No Home When You Get Out
Due to data limitations, randomized control trials, the gold standard for research, are few and far between in criminal justice literature. But several evaluations have found that access to housing, particularly for those already at risk of reoffending, is key to reducing recidivism. Most notably, one evaluation in Washington state found that a housing program significantly reduced new convictions, and that periods of homelessness significantly increased new convictions.
Regrettably, formerly incarcerated people are almost 10 times more likely to be homeless than the general public. And the number of justice-involved individuals who experience housing insecurity (a measure that includes those living in marginal housing, e.g. hotels) is nearly three times that. The problem is worse in large, urban areas.
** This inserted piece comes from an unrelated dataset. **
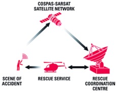 406 Mhz-es rendszer, a Cospas-Sarsat műholdak által monitorozott frekvencia (a régi 121,5 Mhz analóg frekvencia figyelése 2009-től megszűnt) globális lefedettséget biztosít, tehát a világ bármelyik pontján működik. Amikor vészhelyzetbe kerülünk, aktiváljuk a jeladónkat, ami egy digitálisan kódolt jelet küld a műholdnak, így egyéb jelforrások nem zavarhatják. A helyzetünket meghatározva, vagy ha van a készülékünkbe beépített GPS, akkor a pozíciónkat továbbítja a műholdnak, ami nagyban szűkíti a keresési területet. A műhold riasztja a Vészhelyzeti központot, ahol megszervezik a mentésünket.Minden PLB-t (Personal Locator Beacon, azaz Személyi helyzet jeladó) regisztrálni kell, ami több szempontból is előnyös. A téves riasztások elkerülhetőek telefonhívással vagy rádiós kapcsolatba lépéssel, így komoly költségtől kímélhetjük meg magunkat. A keresés megkezdése előtt már tudják a regisztrált információk alapján, hogy tengeri, légi vagy akár egy búvár kereső eszközről történt a riasztás. Azonban ha ezt végiggondoljuk egy valós, nyílt tengeri búvár elsodródás esetén, nem biztos, hogy a legjobb megoldást választottuk. Vizsgáljuk meg a folyamatot: bekapcsoljuk a jeladónkat, a saját búvárhajónk -ami elvileg a legkézenfekvőbb segítség lenne- nehezen tud részt venni a keresésben, hiszen semmilyen tőlünk érkező elektronikus segélykérést nem tud fogadni. Ha a riasztási jelzést sem tudjuk leadni, akár órák is eltelhetnek míg a keresésünkre indulnak. A központ riasztásáig 2 óra is eltelhet, és ha tényleg egy távoli, minden civilizációtól mentes helyen merülünk, akkor lehet, hogy a segítség több száz kilométeres körzetből érkezik, miközben esetleg csak pár km-re vagyunk a hajónktól. Összefoglalva előnyös, hogy az eszköz a világ bármelyik pontján működik és nincs szükség vevőegységre, ám a mentőegység megérkezéséig sok idő telhet el.

In New York City, for example, more than 54 percent of people released from prison moved straight into the city’s shelter system in 2017.
To address the housing insecurity of people leaving prison, justice reformers usually advocate a handful of proposals, like increased federal funding for Section 8 vouchers, direct subsidies to returning citizens, mandates for up-zoning proposals to include affordable housing options, and “ban the box” proposals for public housing authorities and private landlords alike. Such proposals may have merit, to be sure, but few of them would address the underlying issue: land-use zoning laws that restrict housing supply.
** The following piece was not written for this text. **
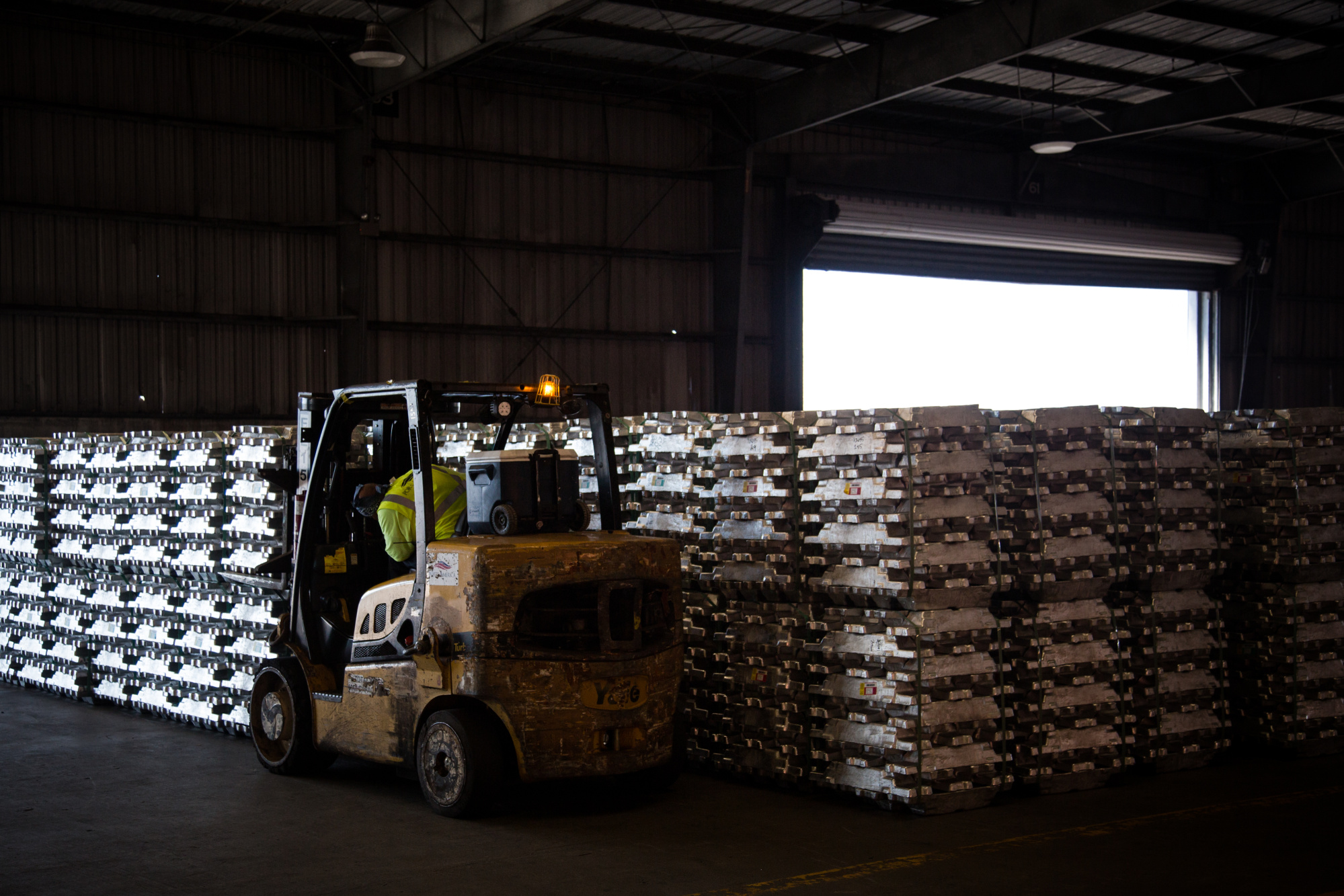 一名工人在美国港口的仓库里使用叉车移动铝锭。摄影师:Alex Flynn/Bloomberg

Housing for disadvantaged groups has been a chronic pressure in municipalities everywhere. Social housing is one solution, but it has struggled to align individual needs with political constraints. Rather, most disadvantaged groups rely on low-cost rentals, whether legally or informally permitted.
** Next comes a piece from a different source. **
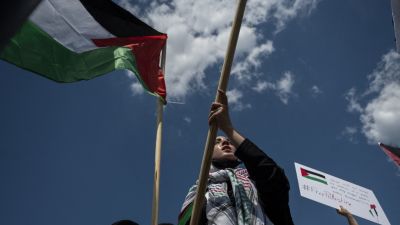 Activists and protesters march in support of Palestine near the Washington monument in Washington, DC on May 15, 2021. US President Joe Biden, in a phone call with Israeli Prime Minister Benjamin Netanyahu, expressed his "grave concern" Saturday over the flareup of violence in Israel and Gaza, the White House announced. ANDREW CABALLERO-REYNOLDS / AFP

To ensure there are enough low-cost units on the market to house the formerly incarcerated as they return to their communities, towns and cities need to permit construction of low-cost housing typologies. Single-room-occupancy (SRO) buildings, boarding houses, and group homes are cheap to build and maintain. Shared kitchens and bathrooms save space, and are a boon to those simply looking for a place to rest their heads as they settle back into society. But many places don’t allow these housing archetypes at all. Boarding-house bans are common in single-family zones nationwide. Those that do allow shared-facility buildings often restrict their use in other ways.
One particularly burdensome rule for the formerly incarcerated is maximum occupancy requirements. The typical occupancy maximum limits the number of unrelated individuals who may share a home. This prevents landlords from even subdividing existing homes into shared-facility buildings, to say nothing of purpose-built single-room-occupancy rentals. Legalizing these arrangements would provide more options for those leaving jail and prison.
But access to small, affordable apartments is not the only land-use issue preventing the formerly incarcerated from successfully reentering society. Single-use zoning separates residential areas from job-dense shopping and industrial parts of town. When zoning rules lengthen commutes, formerly incarcerated individuals who lack access to cars have problems accessing jobs and social services. But mixed-use zones, which allow the co-mingling of businesses, civic space, and residential units, create areas where it’s viable to live and work without the expenses of automobile ownership.
States and localities that recognize the formerly incarcerated’s housing issues have well-understood policy mechanisms to address the underlying problems. Legalizing SRO buildings and repealing occupancy maximums would allow the construction of new, low-cost buildings and legalize subdivision of existing homes into affordable rentals. Shifting from single-use to mixed-use zones would ease the problems faced by the formerly incarcerated when they are forced to rely on transit. Better still, these laws would increase competition among landlords at the low end of the rental housing market. In doing so, landlords’ power to turn away individuals based on criminal history would decline.
Those who have recently left the incarceration system face enough challenges. Housing doesn’t need to be one of them. Policymakers have plenty of tools to create an ample supply of low-cost housing for vulnerable populations. But doing so has political costs. We think the benefits are worth it, both for the formerly incarcerated and society at large. But we’re not local politicians. This choice is theirs.